After a few minutes, the entire tent lurched as the smoke-hands pulled the mirrored poles up by the roots and trundled off.
Through the oddly cloud-hazy walls, he could see little Priye giggling by the original tent; she waved goodbye in their direction.
Faraj waved back, unsure whether or not she could see them, or whether she was following whatever magic-sense cats had that led them to stare raptly into otherwise empty-looking space.
Ahmed yelped in dismay as the lurching splashed the tray of chai again.
Sahar yowled her indignation. Faraj clutched at the swaying pole nearest to his elbow, grateful that it felt solid enough to support him and feeling as though he might have left his stomach along with his shadow back at the original tent.
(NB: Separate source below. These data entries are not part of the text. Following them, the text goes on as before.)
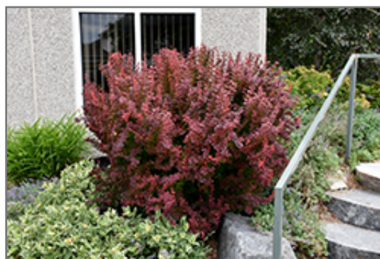
Orange Rocket Japanese Barberry
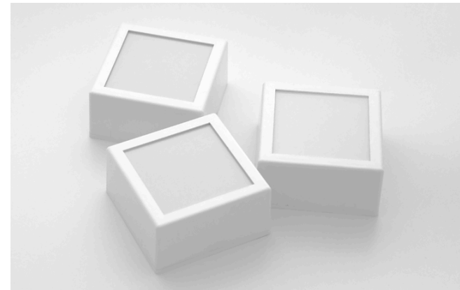
figure 3. Pixel-tiles injection molded cases with diffuser-ITO composite.

The diffuser-ITO composite was created by layering a flashed opal diffuser glass, an optical adhesive, and a Pilkington TEC 15 conductive glass, which is a glass infused with ITO while molten. The edges of the composite were covered with a conductive copper vinyl that was connected to our sensing and data transmission circuits.
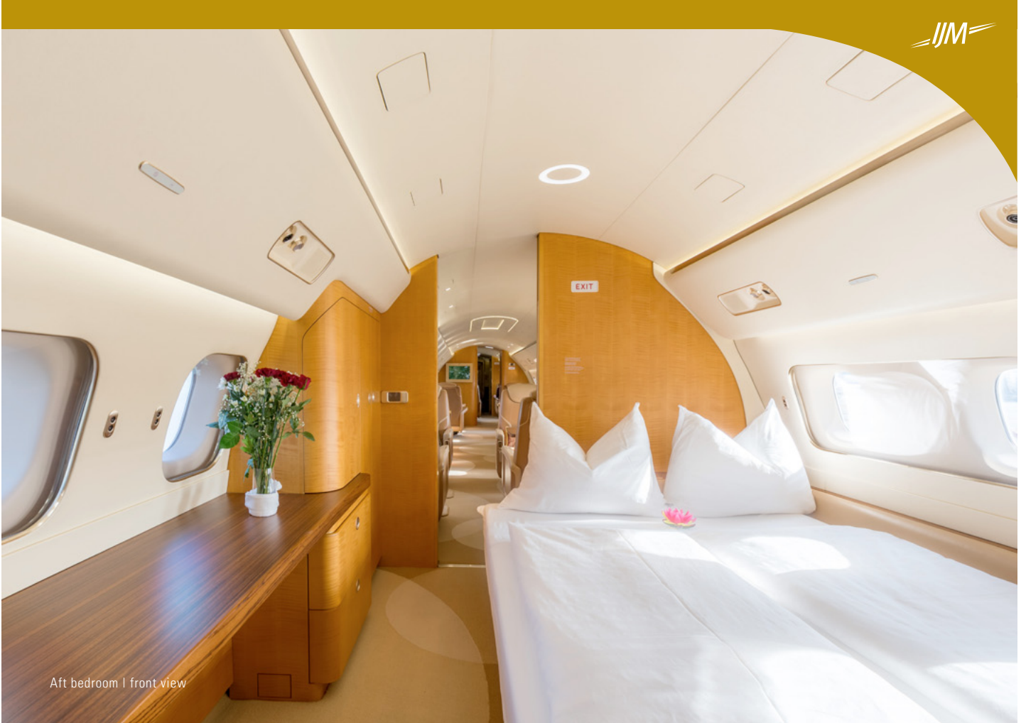
Aft bedroom I front view
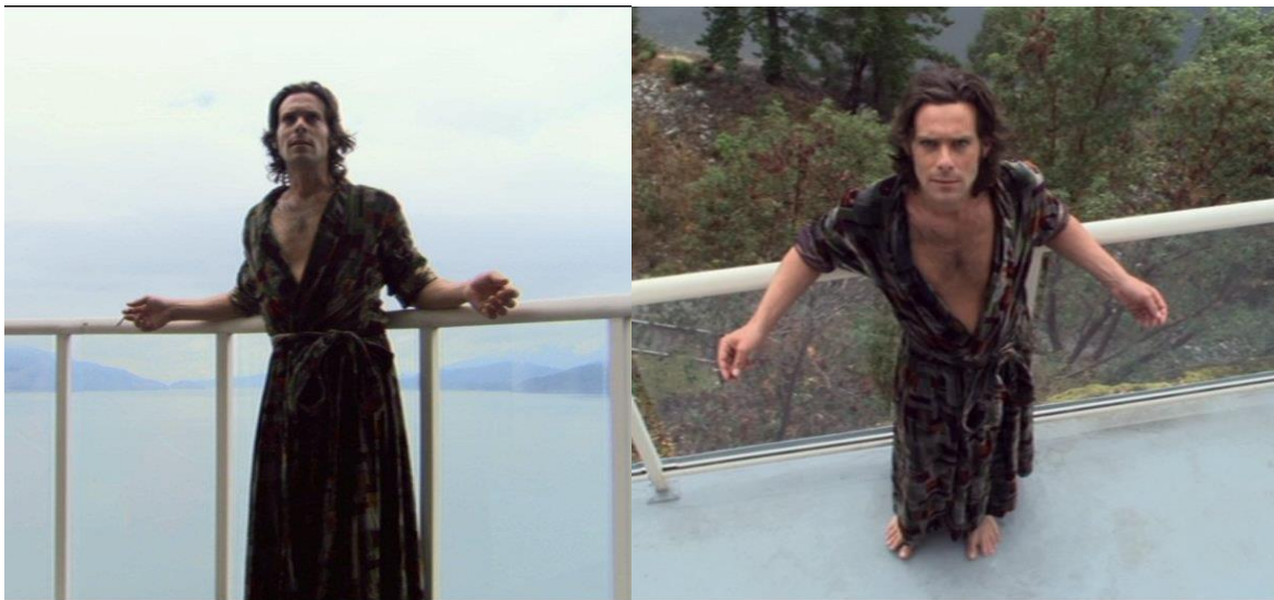
Figure 4. Gaius Baltar, the divine instrument (Weddle and Thompson, "Hand of God").

This realization and future destiny are emphasized in the visual rhetoric of the final shots of this episode (figure 4). Nearly silhouetted against a blue-grey sky, he leans against a railing with his arms lazily extended in a crucifixion pose, foreshadowing his eventual 'crucifixion' before his people in season three and his development into a monotheistic preacher in season four. The loosely-tied robe lends a further Biblical quality to the scene and visually connects Baltar with traditional images of Jesus. The final shot features Baltar looking up into a camera positioned above him, as if confirming his status as divine instrument and looking for further guidance. Camera placement also lets the audience look 'through God's eyes' at him, to see him finally willing to do God's work.

“Sun Gate, Lion Gate, Path of Starlight, Moon Gate, Falcon Gates, River Gate, loading dock?” Mistress Salimat rattled off, as though she’d done this a hundred times before.
“Which is closest?” Faraj asked, feeling a bit green.
“Take us to the Falcon Gates,” Kamil said. “They’re furthest in. Can you get us up to the Upper Falcon Gate?”
“Not without crossing the wards. The Lower Gate is easier.” With an assessing glance at Ahmed’s robes, she added, “Closest to the Ministry of Finance too.”
“Deputy Minister al-Faruq is going to have my head,” Ahmed muttered, face in his hands. “This is most irregular.”
Their illusion-tent bounced and bobbed and trundled their way through the marketplace and the city, up toward the walls of the fortress that overlooked the city on three sides and the bend of the river on the fourth.
Mistress Salimat knew which alleys to take far more accurately than Faraj could have managed, and Kamil’s lack of growling suggested he approved of her choices.
They walked though the outermost gates without so much as a pause, and the guards there clearly didn’t see a thing; the sun dimmed for a moment as the little tent trundled under the shadow of the outer gate, into the courtyard where the soldiers drilled and the stables and barracks waited.
Faraj thought wistfully of the place he might have had in the stables — he was not quite foolish enough to imagine himself in the barracks — but the central compound and the haveli itself still waited, beyond both the training courtyard and the outer gardens.